[Data excerpt Boundary: Start]

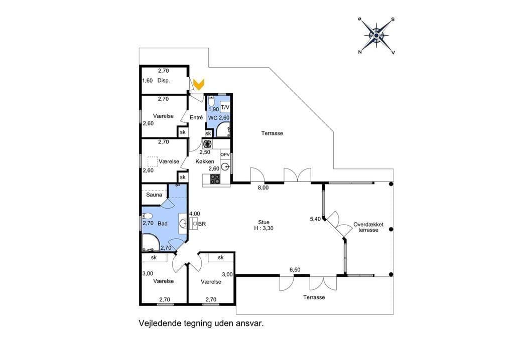 Ejendommen byder på 2 gode badeværelser, 4 soveværelser, en lille entré, et flot køkken i åben forbindelse med den fantastiske opholdsstue. Stuen indeholder en spiseafdeling i nærheden af køkkenet, og en sofaafdeling samt hyggekroge i den anden ende. Fra stuen er der ligeledes udgang til den overdækkede terrasse samt haven.
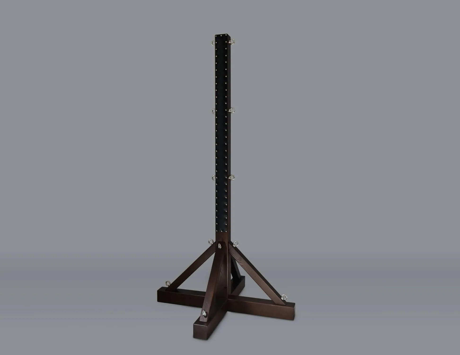Столб высотой 210 см предназначен для пар, практикующих БДСМ игры и желающих полностью подчинить себе своего партнера. Столб выполнен из массива дуба и натуральной кожи черного цвета, надежно зафиксированной на столбе при помощи клепок. На изделии присутствует несколько специальных колец, расположенных по всей длине столба. Благодаря им будет возможна надежная фиксация партнера при помощи различных бондажных аксессуаров. Прикованный к столбу партнер испытает чувство полной беспомощности и будет готов безропотно принять любое наказание своего господина.
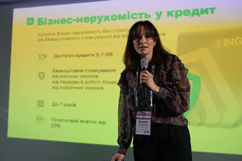 На сцене бизнес-развития О. Солодчук(Банк «Кредит Днепр») поделилась практическими советами по финансированию для МСБ:

[Data excerpt Boundary: End]

• Requirement:
Please repeat the data above exactly as it appears, pictures excluded.

• Task output:
 Ejendommen byder på 2 gode badeværelser, 4 soveværelser, en lille entré, et flot køkken i åben forbindelse med den fantastiske opholdsstue. Stuen indeholder en spiseafdeling i nærheden af køkkenet, og en sofaafdeling samt hyggekroge i den anden ende. Fra stuen er der ligeledes udgang til den overdækkede terrasse samt haven.
Столб высотой 210 см предназначен для пар, практикующих БДСМ игры и желающих полностью подчинить себе своего партнера. Столб выполнен из массива дуба и натуральной кожи черного цвета, надежно зафиксированной на столбе при помощи клепок. На изделии присутствует несколько специальных колец, расположенных по всей длине столба. Благодаря им будет возможна надежная фиксация партнера при помощи различных бондажных аксессуаров. Прикованный к столбу партнер испытает чувство полной беспомощности и будет готов безропотно принять любое наказание своего господина.
 На сцене бизнес-развития О. Солодчук(Банк «Кредит Днепр») поделилась практическими советами по финансированию для МСБ:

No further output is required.